BCS publishes new IT risk management handbook

Bad Apple

A single bad apple may or may not, as the saying goes, spoil the whole barrel. (Yes "barrel" is the original usage. It was the Osmonds who spoiled the whole "bunch.") If you apply that analogy to IT security, however, most organizations would probably rather stop eating apples altogether than risk testing the spoilage principle. On the other hand, you can't always just cut something out of your business operations because it makes you vulnerable. Businesses are frequently attacked through computerized credit card processing systems, but what are they going to do? Tell everyone to start paying with cash or check?

 

Knowing an organization's IT security risks and managing them effectively is no simple task. IT risk management is an increasingly important field, however, and at the roughly same time (last week) that The Santa Fe Group began to publicize its new certification for third party risk management professionals, British Computer Society officials were touting the release of a new handbook for risk management professionals to add to their toolboxes.The new 208-page volume, Information Risk Management: A Practitioner's Guide, is an official publication of the British Computer Society.

 

BCS officials are doing more to endorse the book, however, than simply sending it press. Information Risk Management: A Pracitioner's Guide is required reading for any IT pros attempting to obtain a Practitioner Certificate in Information Risk Management, a special BCS credential. Among the topics covered are the importance of assessing and cataloging an organization's data assets, including making a determination of possible damage to the organization in that event that those data assets are compromised. The handbook also details IT threats and vulnerabilities and explains how to prioritize and counter those chinks in the organizational armor.

 

Information Risk Management: A Pracitioner's Guide was written by David Sutton, a security professional who has been working in IT for more than 40 years.
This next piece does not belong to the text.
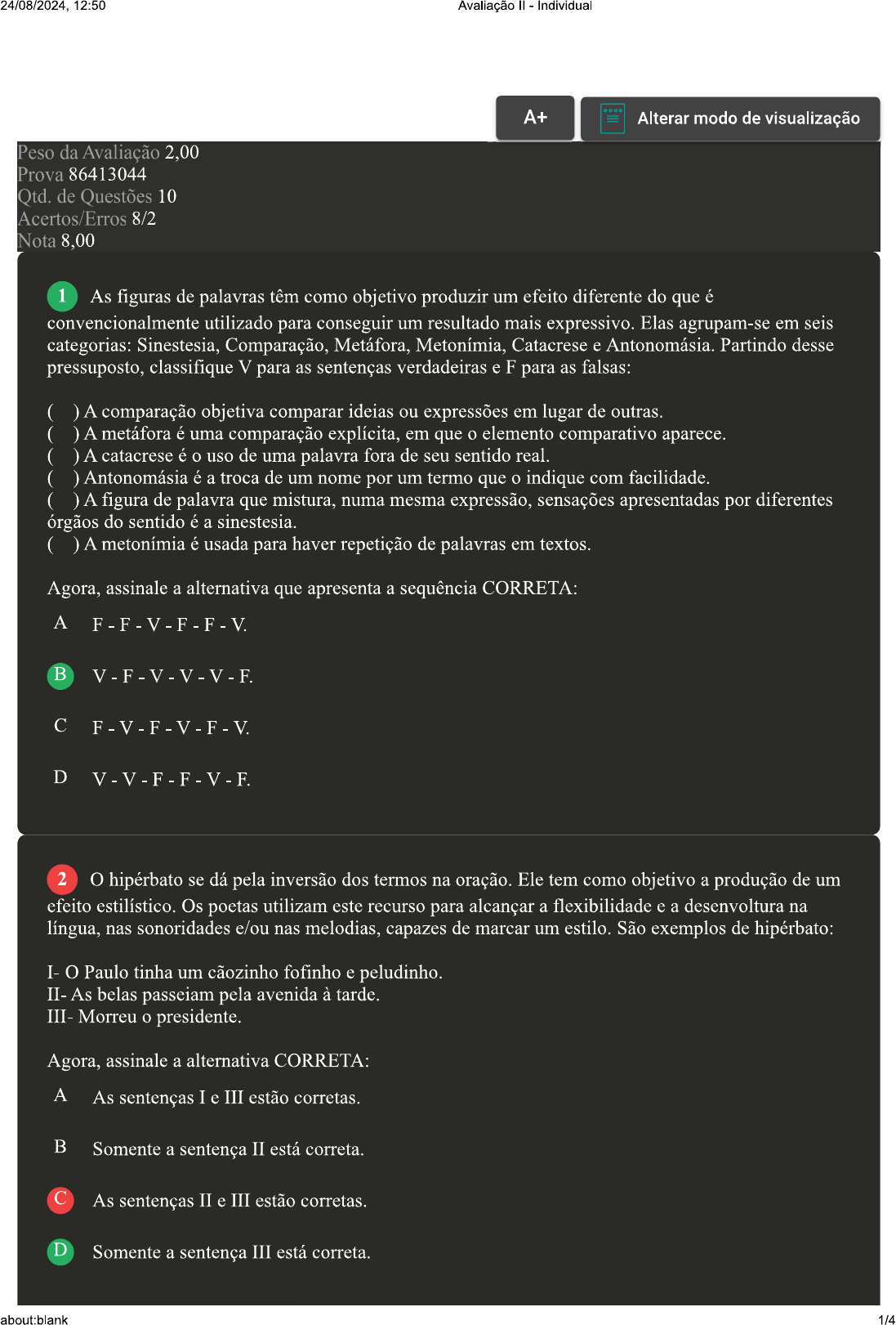 <p>24/08/2024, 12:50 Avaliação Individual A+ Alterar modo de visualização Peso da Avaliação 2,00 Prova 86413044 Qtd. de Questões 10 Acertos/Erros 8/2 Nota 8,00 1 As figuras de palavras têm como objetivo produzir um efeito diferente do que é convencionalmente utilizado para conseguir um resultado mais expressivo. Elas agrupam-se em seis categorias: Sinestesia, Comparação, Metáfora, Metonímia, Catacrese e Antonomásia. Partindo desse pressuposto, classifique V para as sentenças verdadeiras e F para as falsas: ( ) A comparação objetiva comparar ideias ou expressões em lugar de outras. ( ) A metáfora é uma comparação explícita, em que elemento comparativo aparece. ( ) A catacrese é uso de uma palavra fora de seu sentido real. ( ) Antonomásia é a troca de um nome por um termo que indique com facilidade. ( ) A figura de palavra que mistura, numa mesma expressão, sensações apresentadas por diferentes órgãos do sentido é a sinestesia. ( ) A metonímia é usada para haver repetição de palavras em textos. Agora, assinale a alternativa que apresenta a sequência CORRETA: A F-F-V-F-F-V B C F-V-F-V-F-V D 2 O hipérbato se dá pela inversão dos termos na oração. Ele tem como objetivo a produção de um efeito estilístico. Os poetas utilizam este recurso para alcançar a flexibilidade e a desenvoltura na língua, nas sonoridades e/ou nas melodias, capazes de marcar um estilo. São exemplos de I- O Paulo tinha um fofinho e peludinho. II- As belas passeiam pela avenida à tarde. III- Morreu presidente. Agora, assinale a alternativa CORRETA: A As sentenças I e III estão corretas. B Somente a sentença II está correta. C As sentenças II e III estão corretas. D Somente a sentença III está correta. about:blank 1/4</p><p>24/08/2024, 12:50 Avaliação Individual Revisar Conteúdo do Livro 3 O uivo de um por meio da escrita, caracteriza uma figura de palavra. Sobre essa figura, assinale a alternativa CORRETA: A Neologismo. B Zeugma. C Onomatopeia. D Assonância. 4 A linguagem, inserida no contexto social, possibilita a compreensão dos sujeitos que são dialogicamente constituídos, uma vez que desvela a discursividade da sociedade. Dito de outra maneira, a linguagem está em curso e se move no contexto histórico-social. Dessa forma, somos constituídos pela linguagem por meio de enunciados produzidos no convívio social, na coletividade e nas interlocuções, ampliando nosso conhecimento e do outro. Sobre as figuras de linguaguem e seus quatro grupos, assinale a alternativa INCORRETA: A Figuras de palavras. B Figuras de construção ou sintaxe. C Figuras de pensamento. D Figuras sociais. 5 Os objetivos dessa vertente dos estudos da estilística partem do princípio de: análise das expressões dos fatos de sensibilidade sobre a linguagem; análise das ações dos fatos de linguagem sobre a sensibilidade. Esses objetivos seriam aplicáveis a alguns domínios, tais como: a linguagem em sua totalidade, procurando determinar os chamados "universais estilísticos"; e a uma determinada língua, resultando a "estilística langue" Sobre tipo de estilística que texto se refere, assinale a alternativa CORRETA: A Estilística retórica. B Estilística estrutural. C Estilística idealista. D Estilística descritiva. about:blank 2/4</p><p>24/08/2024, 12:50 Avaliação Individual 6 Na linguística, estudos relacionados à linguagem no seu contexto de uso; esse ramo da linguística é chamado de pragmática. Sobre conceito de pragmática, assinale a alternativa CORRETA: A A pragmática estuda elementos linguísticos e verifica a significação do ato de B A pragmática se restringe aos significados do ato da fala, entendendo uso linguístico dos falantes. C A pragmática é uma interação verbal entre locutor e destinatário, que analisa a posição e tom de D A pragmática estuda, essencialmente, a significação no ato da fala e da comunicação, analisando a significação linguística no contexto de uso. 7 Ocorre pela falta de um termo específico para designar um conceito e, por isso, acabamos por pegar outro emprestado. Sobre exposto, assinale a alternativa CORRETA: A Metonímia. B Metáfora. C Antonomásia. D Catacrese. 8 "Vozes veladas, veludosas vozes/ Volúpias dos vozes veladas..." (Cruz e Sousa) Sobre esse exemplo de figura de linguagem, assinale a alternativa CORRETA: A Aliteração. B C Anáfora. D Anacoluto. Revisar Conteúdo do Livro 9 As figuras de pensamento referem-se ao significado escondido que as palavras podem ter. Elas têm um aspecto semântico que exploram os significados que estão por trás das ideias de uma determinada expressão. Dentre as figuras de pensamento, assinale a alternativa CORRETA que caracteriza a ironia: A Ela consiste em satirizar ou ridicularizar um pensamento. about:blank 3/4</p><p>24/08/2024, 12:50 Avaliação - Individual B Ela realça, exageradamente, uma expressão. C Ela atribui sentimento a seres inanimados. D Ela suaviza uma verdade tida como desagradável. 10 Por hábito de diversas pessoas, chamamos diversos materiais, produtos e objetos por nomes diferentes do que eles são. É caso de gilete, por exemplo. Este nome é de uma marca, que comumente agregamos ao aparelho de barbear. Tal caso ocorre também com nescau: muitas vezes é um achocolatado qualquer, de marcas variadas, mas usamos nome citado para identificá-lo. Sobre essa figura de linguagem, assinale a alternativa CORRETA: A Catacrese. B Comparação. C Metonímia. D Metáfora. Imprimir 4/4 about:blank</p>
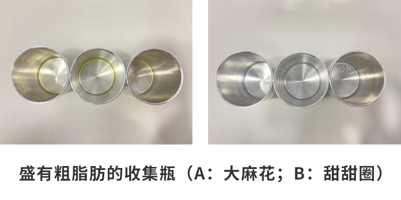 本次實驗測得大麻花樣品中的粗脂肪含量為24.08%,甜甜圈樣品中的粗脂肪含量為4.62%,且在重復性條件下獲得的兩次獨立測定結果的絕對差值未超過算術平均值的10%。

Sutton said in a press release announcing the new handbook's publication that risk management professionals have to protect again security risks in advance whenever possible, but must also know how to perform damage control and reestablish security after a breach has occurred. "We are dependent on information of all kinds and need to recognise the effects of it either being permanently lost or falling into the wrong hands," Sutton said. "Information risk management is about identifying, assessing and prioritizing risks to keep information secure and available."

 

Information Risk Management: A Pracitioner's Guide is set to be published Dec. 1, but is available for preorder at the BCS Bookshop.